Lemmy Caution is a spy came from Outlands to futuristic shocking city called Alphaville. He pretended himself as a newspaper reporter Ivan Johnson but he’s here on a secret mission to search two men- Leonard Von Braun, the Professor & inventor and the X agent named Henry Dickson. The world of Alphaville is incomprehensible for Johnson who’s struggling to accomplish his mission and trying to awaken feelings and conscience of beautiful Natasha, a daughter of Professor Braun.
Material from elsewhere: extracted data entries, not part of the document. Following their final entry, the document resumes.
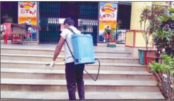
विद्यालय परिसर को सैनिटाइज करता कर्मचारी।

148 छात्राओं के कोरोना पॉजिटिव होने की पुष्टि हुई है। सभी छात्राओं को स्कूल में ही कोरोना प्रोटोकॉल के साथ आईसोलेट किया गया है। साथ ही स्कूलों को पूरी तरह से आज सैनिटाइज भी कराया गया।
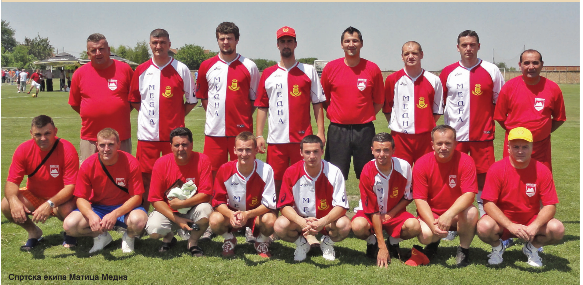
Спортска екипа Матица Медна
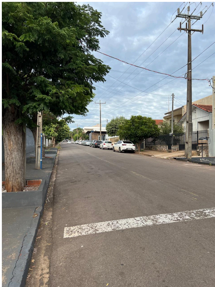
Visão da Rua Juventino Baraldi sentido Nicola Stefano

Rua Bernardino Bogo, 175 – Vila Bernadino Bogo – Caixa Postal 81 – CEP 87160-000
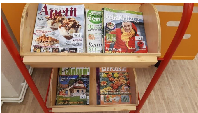
Květa Honzáková - Knihovna Borová

V knihovně jsou nyní k zapůjčení také starší čísla některých časopisů, které nám darovala poličská knihovna.
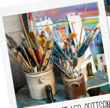
LES ARTISTES ET LES ARTISANS
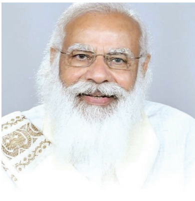
தமிழ்மொழி கல்ச்சாரத்தின் பெரிய அபிமானி நான்

‘மன் கி பாத்’ நிகழ்ச்சியில் பிரதமர் மோடி அறிவுறுத்தல்
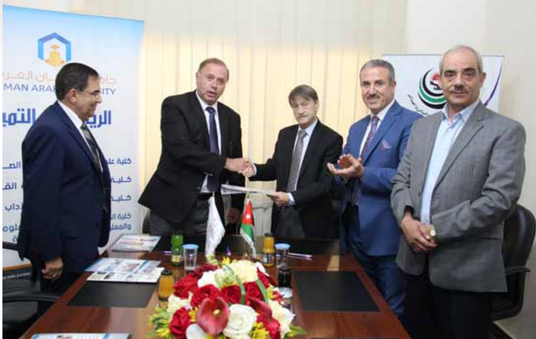
الاحتفال بالتوقيع على الاتفاق

على المشاركة في حضور المؤتمرات أو الندوات أو الدورات التدريبية التي يعقدها الطرفان بالإضافة الى المبادرات فيما يتعلق بإجراء البحوث والدراسات.
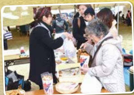
▲お客さんとのふれあいも大切です
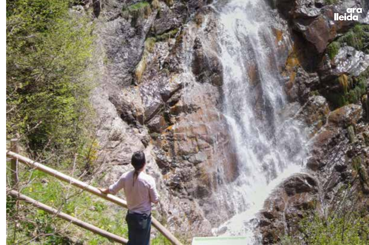
La cascada El Salto, a Senet, fita del Camí de Sant Jaume a l'Alta Ribagorça, que va a petar a Lleida per enllaçar amb l'altre Camí Català.

Aquest estiu s'ha senyalitzat un nou tram de camí. Es tracta del que discorre entre Saint Bertrand de Cominges i Berbegal. Aquest itinerari de 238 km en té 61 que passen per terres lleidatanes, concretament per les comarques de la Val d'Aran i l'Alta Ribagorça. La 'Via Aran-Pirineus' segueix la tradicional ruta jacobea que es dirigia cap a Santiago de Compostel·la passant per Vielha i Roda d'Isàvena, que va cobrar importància durant l'Edat Mitjana, sobretot arran de les guerres religioses entre hugonots i catòlics que provocaren que el pas de Somport fos poc segur.
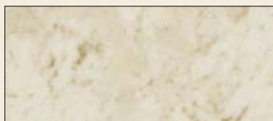
št. 91, 391, 391M
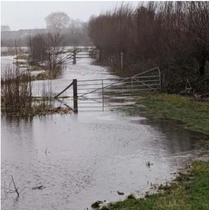
Wateroverlast in hardenber

Het natte najaar en winter zorgden voor veel overlast en maakte het werken in de natuur voor de natuurwerkgroep er niet gemakkelijker op en zelfs zo nu en dan onmogelijk. Veel gebieden stonden onder water en zelfs het werk op de gemeentewerf kon daardoor een aantal keren niet doorgaan. De natuur ging haar eigen gang en wij konden het lijdzaam aanzien. Gelukkig is de draad weer opgepakt en mogen we de mouwen opstropen om voor het broedseizoen enkele grote klussen te kunnen uitvoeren.
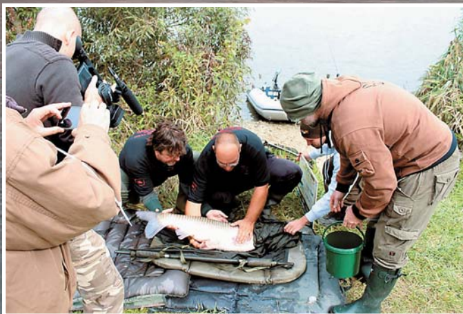
Minden kifogott hal komoly „felhajrással” járt, rengetegen voltak jelen a mérlegelésnél. Hitelesítés, filmezés, fotózás kötelező jelleggel!
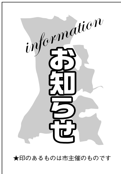
★印のあるものは市主催のものです
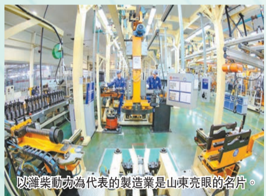
以濰柴動力為代表的製造業是山東亮眼的名片。

作為產業、城鄉、區域結構與全國相似度極高的北方大省，山東是讀懂中國的窗口。從成績單上看，山東2022年地區生產總值達到8.74萬億元，具有較為突出的比較優勢。如三次產業上，山東是中國唯一農業總產值超萬億元的省份，也是唯一擁有全部41個工業大類的省份，在全國工業和製造業版
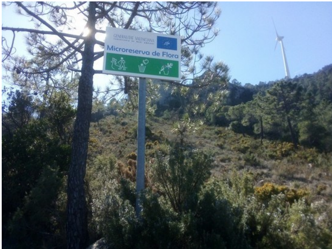
Vista de la microreserva amb cartell en primer plànol i aerogeneradors al fons.
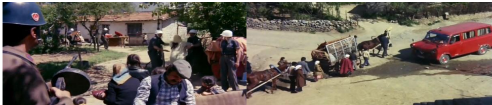
Şekil 4.25: Gecekonduların yıkımı ve gecekonduluların taşınması.

Film sonunda ise gecekondularının yıkılmasıyla göçmenlerin barınma sorununun yeniden ortaya çıkması, kentte hâlâ tutunamamış olmalarını ve kentin içerisinde de hala “göç” halinde olduklarını gösterir. Gecekonduların yıkılmasıyla at arabaları ve birkaç eşya ile toplu olarak kent içinde başka bir yere gitmeleri ve yeniden gecekondular inşa etmeleri, yönetmenin kırdan kente göç sürecini ve göç eden insanların artık köylü de olmadıkları için köye dönüş gibi bir seçeneklerinin olmadığını aktarmasıdır. Kendilerine ait olmayan arazilerde yaptıkları gecekonduları sahiplenen göçmenlerin başka bir yerde yaşama seçeneği yoktur. Apartmanlara maddi olarak gücü yetmeyen ve artık köylerine geri dönemeyen gecekondulular, kent ile bütünleşmeden köy yaşantılarına özgü birtakım değerlerle bu gecekondularda yaşamaktadır. Filmde gecekondular yıkıldıktan sonra başka bir yere göç ederek tekrardan kendi elleriyle gecekondularını inşa etme hali, konut sorununun bu dönem kökten çözümlenmediği için süregelen gecekonduların döngüsüne bir örnektir. Gecekonduların yapımına giriştikleri sahnede “ya bizi buradan da atarlarsa” sorusuna Cevat “buradan artık bizim ölümüz çıkar” şeklinde cevap vermesi ise göçmenlerin ne olursa olsun kenti terk etmek ve memleketlerine geri dönmek gibi bir niyette olmadıklarını ve bir şekilde kentte tutunup yaşamlarına devam edeceklerini gösterir (Şekil 4.29) (Şekil 4.30).
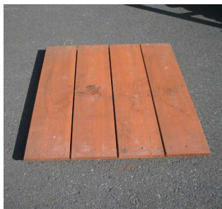
【スノコ】× 5 枚
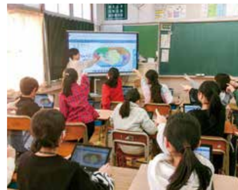
小中学校に電子黒板を整備
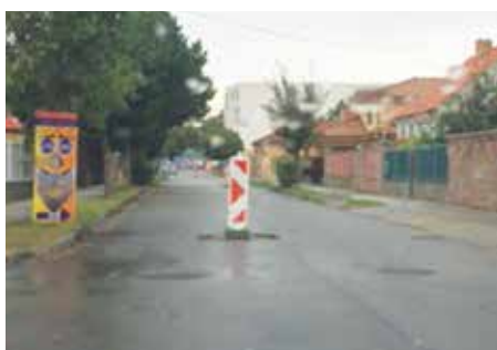
Výšková úprava pokloпов Fándlyho
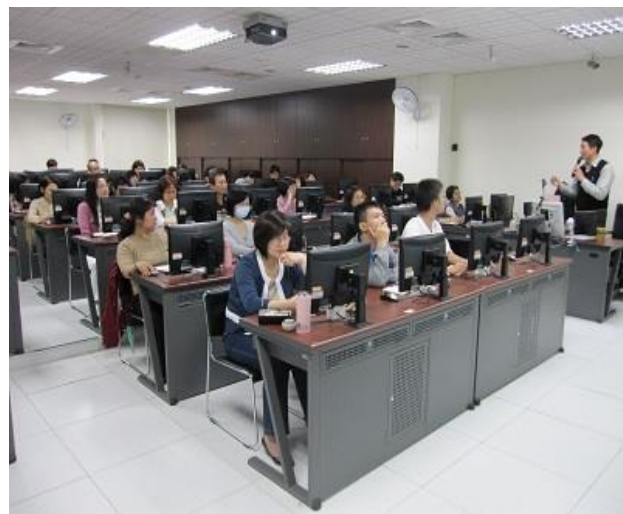
全程參與者致贈自由軟體行動教學隨身碟 4G
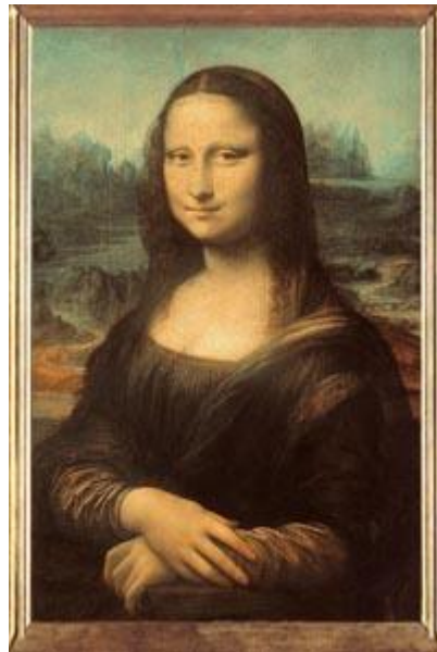
(« La Joconde » ou « Portait de Mona Lisa » 1513/1516 – Musée du Louvre, Paris)
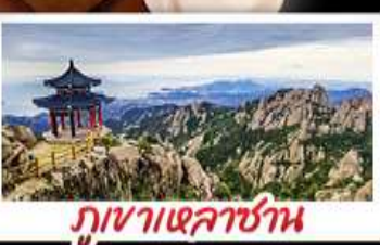
ภูเขาเหลาชาน
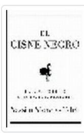
CISNE NEGRO,EL TALEB,N
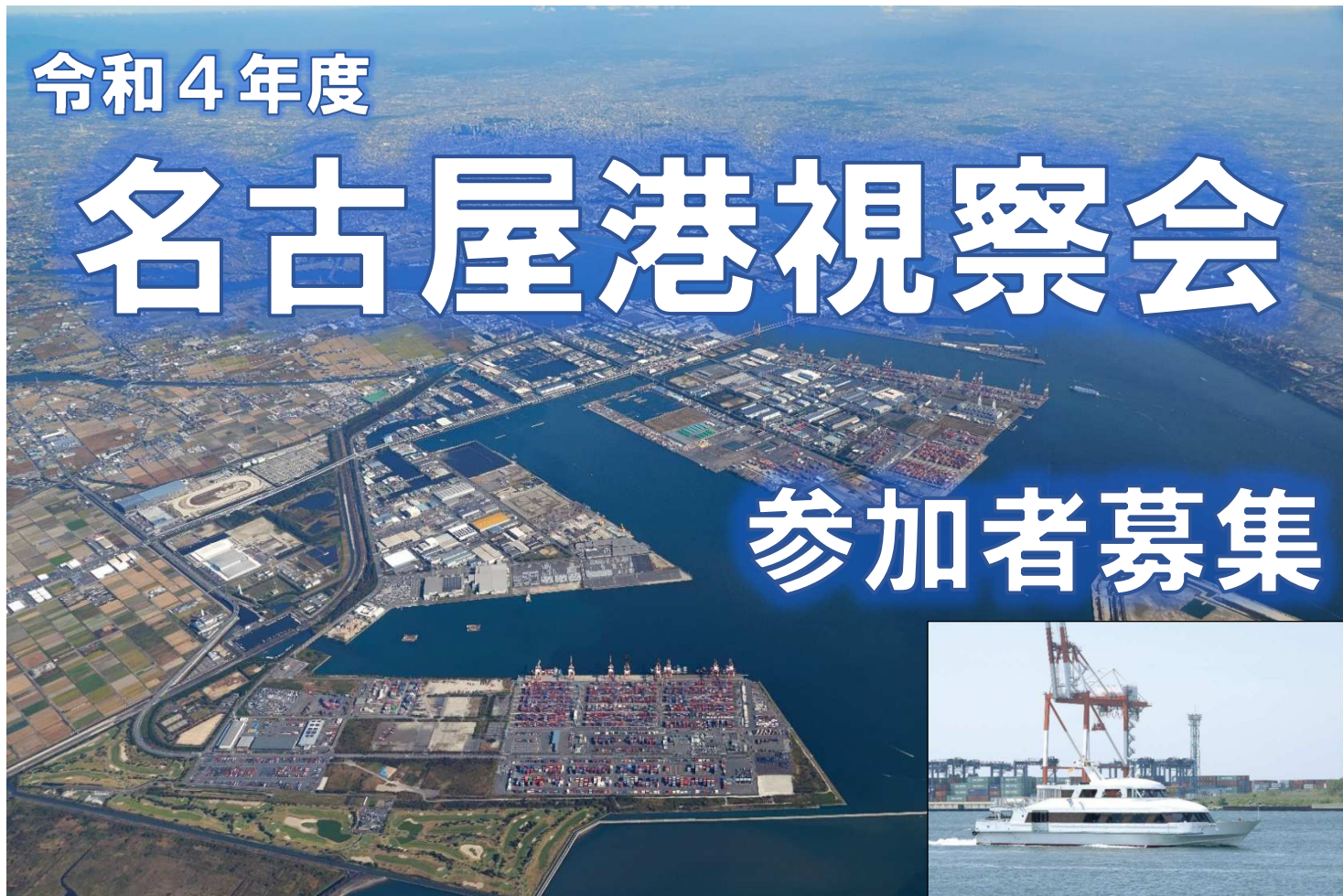
港務艇「ぼーとおぶなごや2」で 船上から名古屋港視察
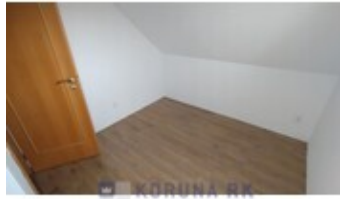
KORUNA RK REALITNÍ KANCELÁŘ
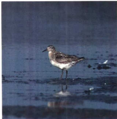
135-136 Siberische Strandloper Calidris acuminata , Philippine, Zeeland, september 1989

21 september bij Philippine. Breed- bekstrandlopers Limicola falcinellus werden gemeld op 18 augustus bij Wissenkerke Z en op 26 augustus in het Lauwersmeer. Een zomerwaarneming van een Bokje Lymnocyptes minimus werd gedaan aan de Oostvaardersdijk op 22 juli. Een Poel- snip Gallinago media werd op 24 september kortstondig bij Zeebrugge geobserveerd. Een adulte Grote Grijs Snip Limnodromus scolopaceus werd op 27 juli gemeld in de Workumerwaard. Op 7 en 8 augustus zat een IJslandse Grutto Limosa limosa islandica in de Flaauwers Inlaag Z. Ook een groot aantal Poelruiters Tringa stagnatilis bereikte ons gebied. Vrijwel de gehele periode, tot 25 augustus en weer van 31 augustus tot 10 september, zat er één bij Kallo, op 4 juli bij de Vlinderbalg, op 4 en 5 juli langs de Oostvaardersdijk, op 7 juli op het Veerse Meer Z, op 16 juli op Texel, op 24 juli bij Sint-Philipsland Z, op 26 juli bij Nieuw Buinen, van 28 juli tot 20 augustus bij de Philipsdam, op 3 augustus bij Vlissingen, van 4 tot 6 augustus in het Lauwersmeer, op 7 augustus bij Harchies, op 27 augustus in de Oostvaardersplassen, op 5 september bij de Eemshaven en op 17 september op de Hellegatsplaten. Een Terek- ruiter Xenus cinereus werd op 22 juli gemeld langs de Knardijk. Tenminste 25
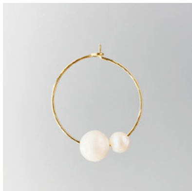
CG 101 Ø 25 mm UVP 25 Euro
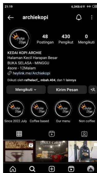
Gambar 1. Tampilan Profil Instagram Archie Kopi

Setelah pelanggan membeli produk setelah melihat postingan promosi tersebut, pihak Archie Kopi mulai menggunakan Instagram sebagai media promosi. Archie Kopi mempromosikan dirinya melalui Instagram karena hal tersebut. Pemilik Rafhel mengklaim bahwa Instagram lebih disukai sebagai media promosi karena kepraktisan dan daya tariknya. Pemilik Archie Kopi mengatakan bahwa keunggulan platform Instagram sebagai alat pemasaran adalah karena basis pengguna platform yang besar dan terus berkembang. Dengan demikian Archie Kopi lebih mungkin dikenal oleh banyak orang karena banyaknya pengguna Instagram yang sudah ada di platform tersebut.
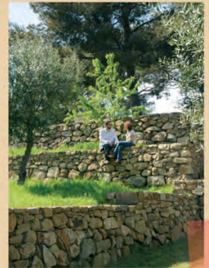
conservatoire de l'amandier
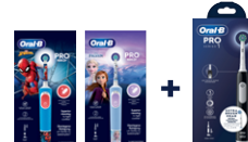
1 ORAL-B VITALITY PRO KIDS 3+ SPAZZOLINO ELETTRICO • Spiderman • Frozen + ORAL-B PRO SERIES 1 SPAZZOLINO ELETTRICO
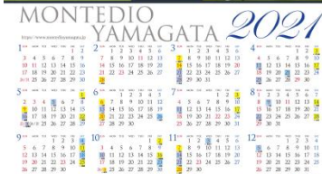
株式会社モンテディオ山形

He has to remain extremely careful where older agents had committed suicides while being failed to adapt the city’s controlled existence where apartments are full of glass windows.

In a future city of Alphaville any thing guided by emotions such as love or any sort of artistic progress is forbidden and instead staunchly believes in rationalism and logic orders. The centre of the town is Alpha 60, a giant powerful watchdog computer to run technocratic authoritarian city. Behaving illogically or showing honest emotion is severe crime here and the condemned ones are executed either in a swimming pool or electrocuted in auditorium chairs. Surprisingly even the chief engineer doesn’t know what a free man or conscience means! It’s because every human being here is like a brain washed programming mind controlled by their identity numbers. In each room they have a copy of Bible which is nothing but dictionary where we don’t find any words associated with abstract human emotions.

By breaking all conventions Godard had managed to create the sarcastic world of Alphaville so meticulously with tight budget, minimalist approach and experimental techniques in narration. It’s learning case for all Hollywood directors. There are so many memorable scenes and the one where Mr. Caution explaining the difference between love and sensuality to Natasha is great aesthetic JLG moment with fine focused use of on and off lights. In fact watch carefully the way he used electric neon lights in the entire film and you will agree why his cinematographer Raoul Coutard stands parallel to great George Tolland. Eddie Constantine as legendary Lemmy Caution is a new entry in my favorite movie characters. I just love the way JLG projected his heroines in the film as great combination of beauty and individualism and beautiful Anna Karina is sheer bliss to eyes. Craving to watch her in other Godard classics.

Mandatory watch by all means.

Ratings-10/10

PS- For those who’ve already seen this and liked it, suggest you to read Orwell’s brilliant satirical novel named 1984 written in 1948, it’s one of my favorite classic.